*YOUR TASK*: Go through the data and copy every line exactly, but not the images.

*DATASET SECTION*:

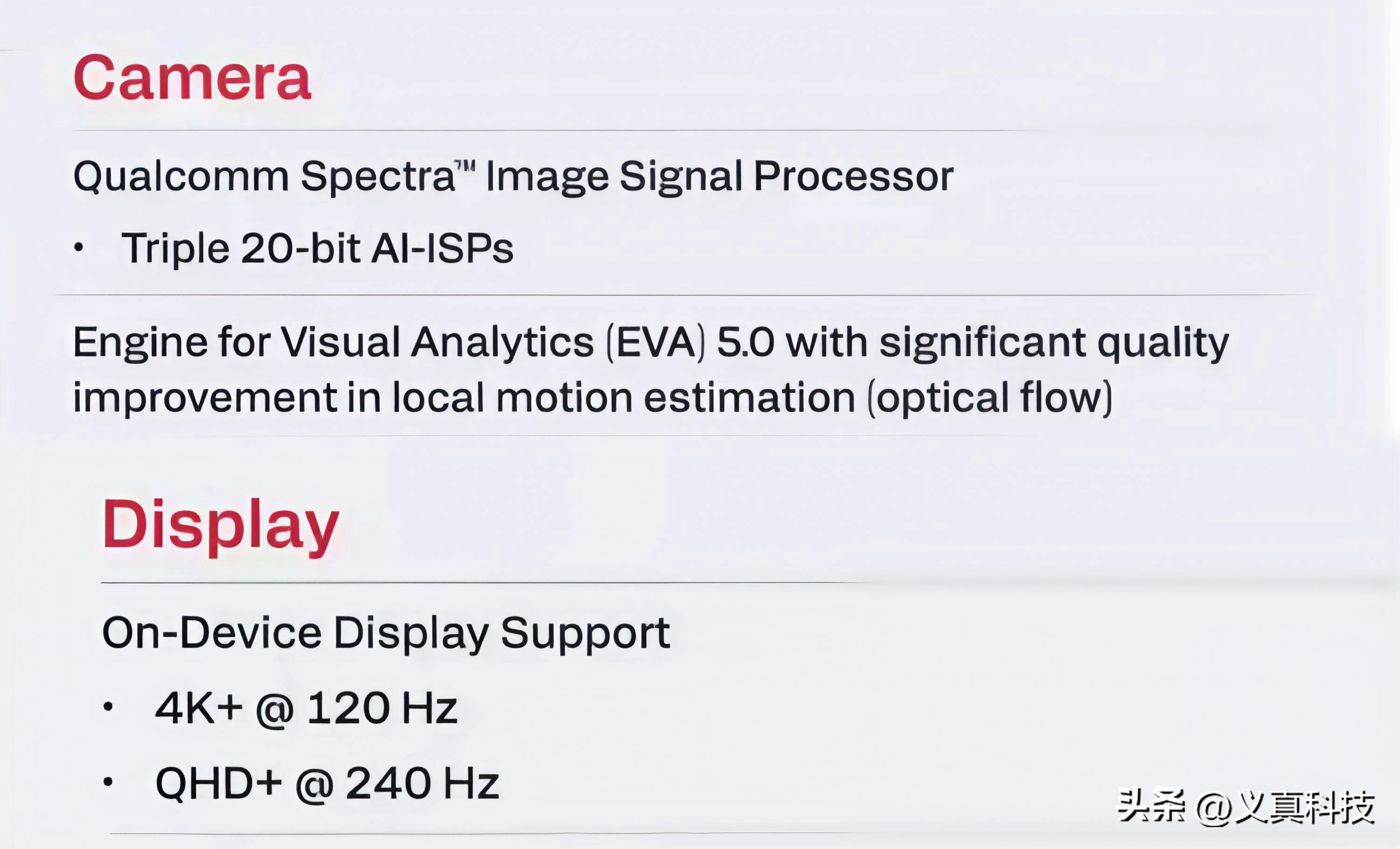 其它证据还有,其20bit的三核ISP与骁龙8E5是同款,而骁龙8E的则是18bit的三核ISP;此外其所支持的最高屏幕规格也与骁龙8E5一致,所基于的制程也是骁龙8E5同款的台积电N3P工艺。
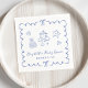 Niedliche Servietten für Ihre Babydusche mit einem französisch-blauen gewellten Rahmen mit Bögen, skurrilen, handgezeichnet Herzenzeichnungen, Sternen, Kuchen- und Kinderzimmer-Dekor und dem Namen der künftigen Mutter, die in einem spielerischen blauen Drehbuch gezeigt wird.
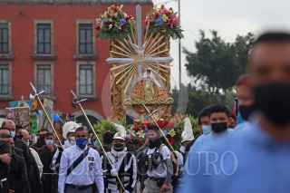 ZAPOPAN, JALISCO, 12OCTUBRE2021.- Hoy y como cada año se llevo a cabo la tradicional Romería 2021 en su edición 287, pero esta vez apegándose a la nueva normalidad por la Pandemia del Covid-19, ya que este año no acudieron las multitudes de personas para evitar la propagación del virus, dicho recorrido dio inicio en la Catedral Metropolitana de Guadalajara y concluyo en la Basílica de Zapopan, hogar donde habita la Generala. FOTO: FERNANDO CARRANZA GARCIA / CUARTOSCURO.COM
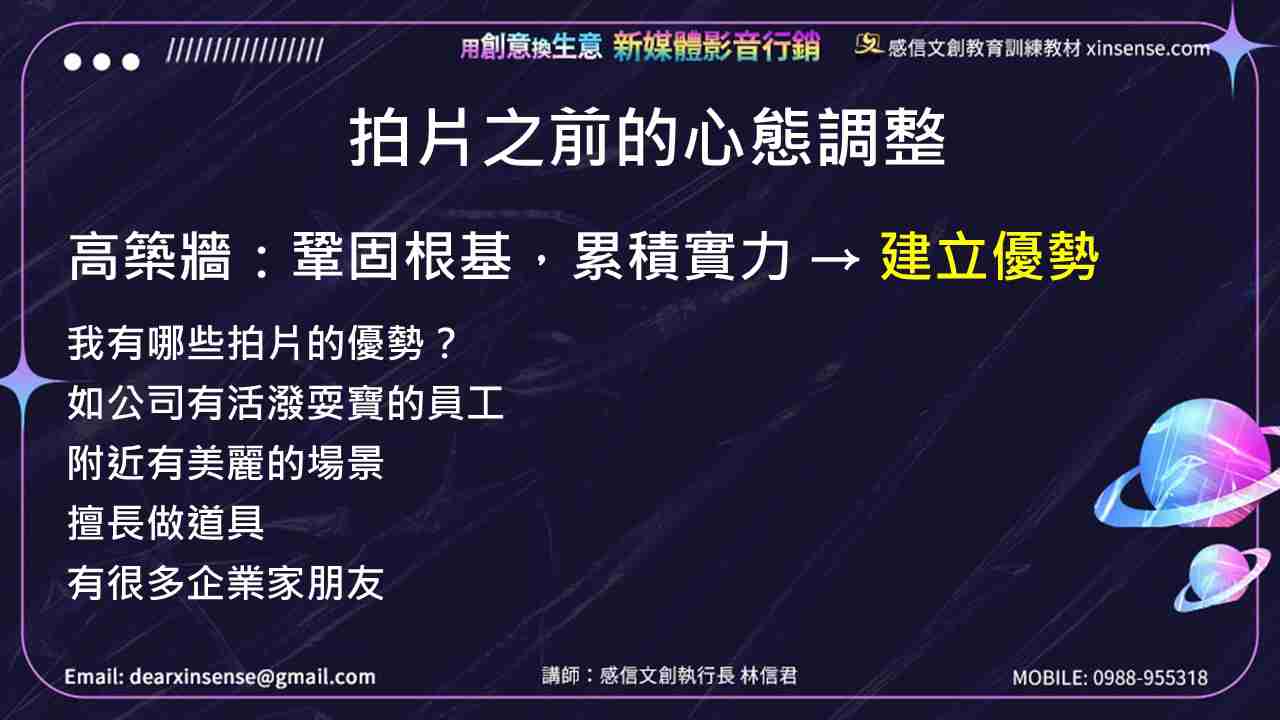影片要有特色,要吸睛,除了內容要對觀眾有幫助,還可以加入其他元素來輔助。所以你要先思考,你有哪些優勢可以為影片加分?

*SOLUTION*:
 其它证据还有,其20bit的三核ISP与骁龙8E5是同款,而骁龙8E的则是18bit的三核ISP;此外其所支持的最高屏幕规格也与骁龙8E5一致,所基于的制程也是骁龙8E5同款的台积电N3P工艺。
 Niedliche Servietten für Ihre Babydusche mit einem französisch-blauen gewellten Rahmen mit Bögen, skurrilen, handgezeichnet Herzenzeichnungen, Sternen, Kuchen- und Kinderzimmer-Dekor und dem Namen der künftigen Mutter, die in einem spielerischen blauen Drehbuch gezeigt wird.
 ZAPOPAN, JALISCO, 12OCTUBRE2021.- Hoy y como cada año se llevo a cabo la tradicional Romería 2021 en su edición 287, pero esta vez apegándose a la nueva normalidad por la Pandemia del Covid-19, ya que este año no acudieron las multitudes de personas para evitar la propagación del virus, dicho recorrido dio inicio en la Catedral Metropolitana de Guadalajara y concluyo en la Basílica de Zapopan, hogar donde habita la Generala. FOTO: FERNANDO CARRANZA GARCIA / CUARTOSCURO.COM
影片要有特色,要吸睛,除了內容要對觀眾有幫助,還可以加入其他元素來輔助。所以你要先思考,你有哪些優勢可以為影片加分?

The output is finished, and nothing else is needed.